When done correctly, they help tighten the muscles and fully tighten the buttocks.
If you want to have a nice buttocks and trunk that are already tired, it’s time to change your exercise plan. We have developed four non-exercise options for your flexible thighs.
Straight Leg Pull
During this exercise, the main movement takes place in the hip joint. We do this by bending, not bending.
- The starting position – standing with straight legs. If there is not enough load, add dumbbells or bars
- As you breathe in, bend your hips down. The pelvis is pulled back
- As we breathe, we return to our original position. Lifting is caused by the leg muscles
- The muscles of the back of the thighs and buttocks contract as they rise. It is wrong to exercise your back
Stepping on the pedestal
When looking for a platform, do not chase the height. The cabinet should be below the level of the knee joint.
- Put one foot on the board. Do not touch nearby objects
- We step on the podium. Note: Lifting from the floor depends on the foot on the platform, not on the other foot leaving the floor.

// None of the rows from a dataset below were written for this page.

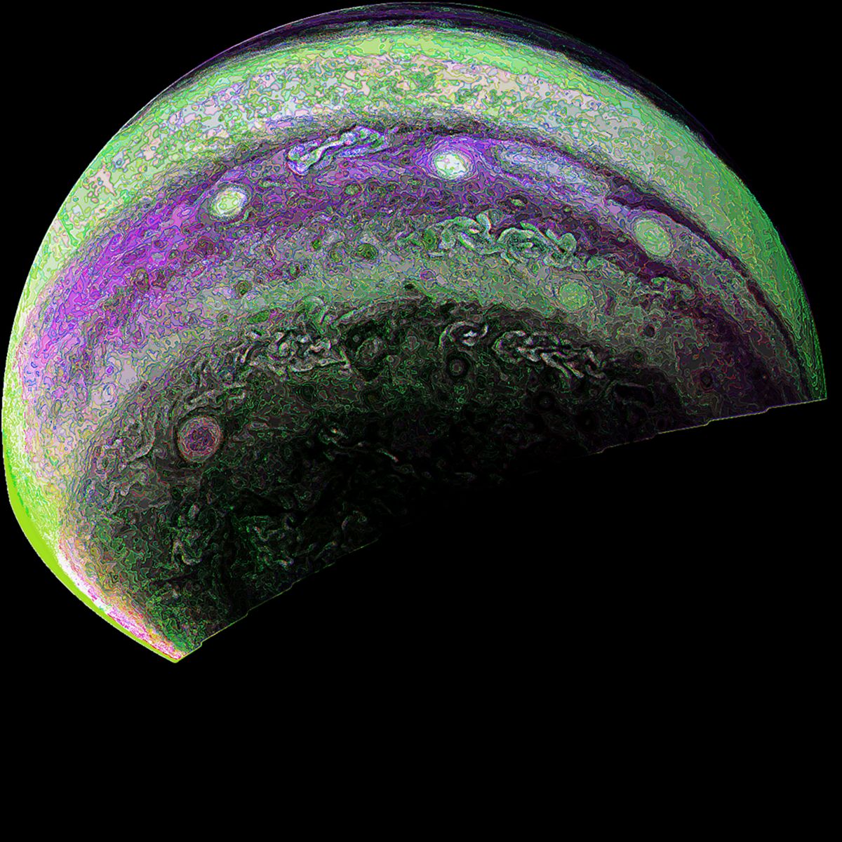 We invite you to download raw JunoCam images posted here and do your own image processing on them. Be creative! Anything from cropping to color enhancing to collaging is fair game. Then upload your creations here.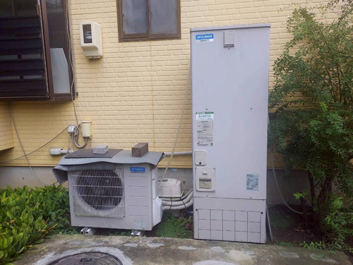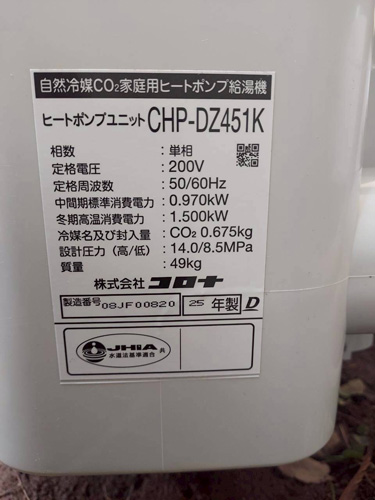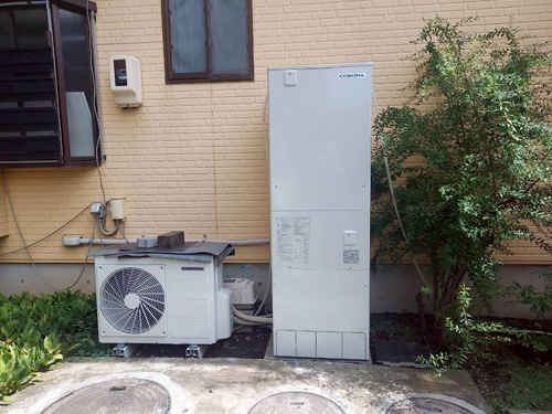豊中市岡町 コロナ自然冷媒CO2家庭用ヒートポンプ給湯機ヒートポンプユニットCHP-DZ451K、貯湯ユニットCTU-37AZ1K エコキュート交換工事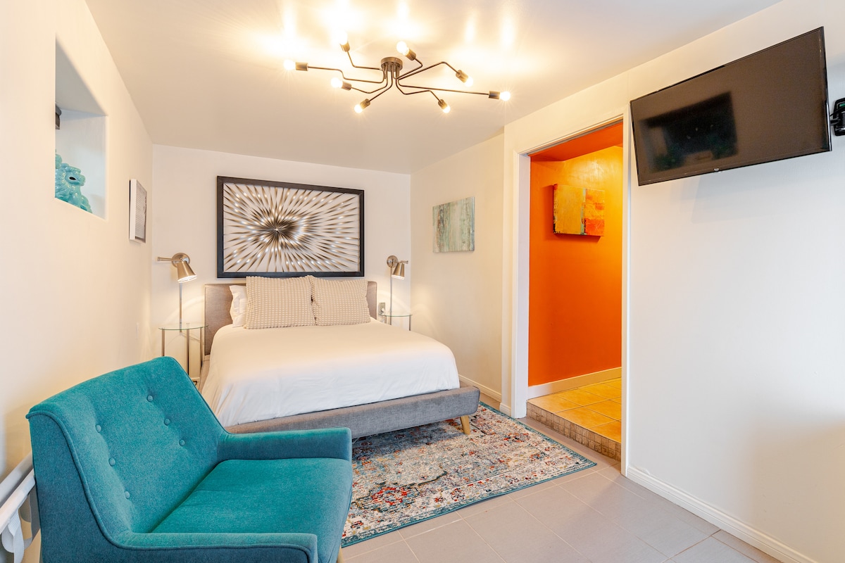 Live like a legend in this bold, high-ceilinged DTLA loft, unlike anything you'll find elsewhere! Deep blue walls, floor-to-ceiling curtains, and a gallery wall of over 30 music icons create pure Rock ’n’ Roll Green Room Chic. Gold and satin textures glam up the bedroom like you’re in your own backstage dressing room, while a sleeper sofa adds extra comfort. Smart tech, 360° rooftop pool, full kitchen, in-unit laundry, and free secured parking complete your ultimate downtown experience.

- We stretch along the length, we use the gluteal muscles
- Descends to the starting position
- The starting position – lying on your back
- As you exhale, pull your hips off the floor. Body support stays on the shoulders and legs
- We descend to the starting position
When tearing off the pelvis, it is important to feel the work of the gluteal muscles.
Half squat steps
This is a dynamic static exercise. If we want, we can do it with a fitness bike.
- We bend our knees and lower ourselves
- We maintain the position of the spine and do not loosen it, do not go around the spine
- Take a few steps in the same direction then return
- You can alternate one on the right then the other on the left
With regular training and proper exercise, these results will not come soon.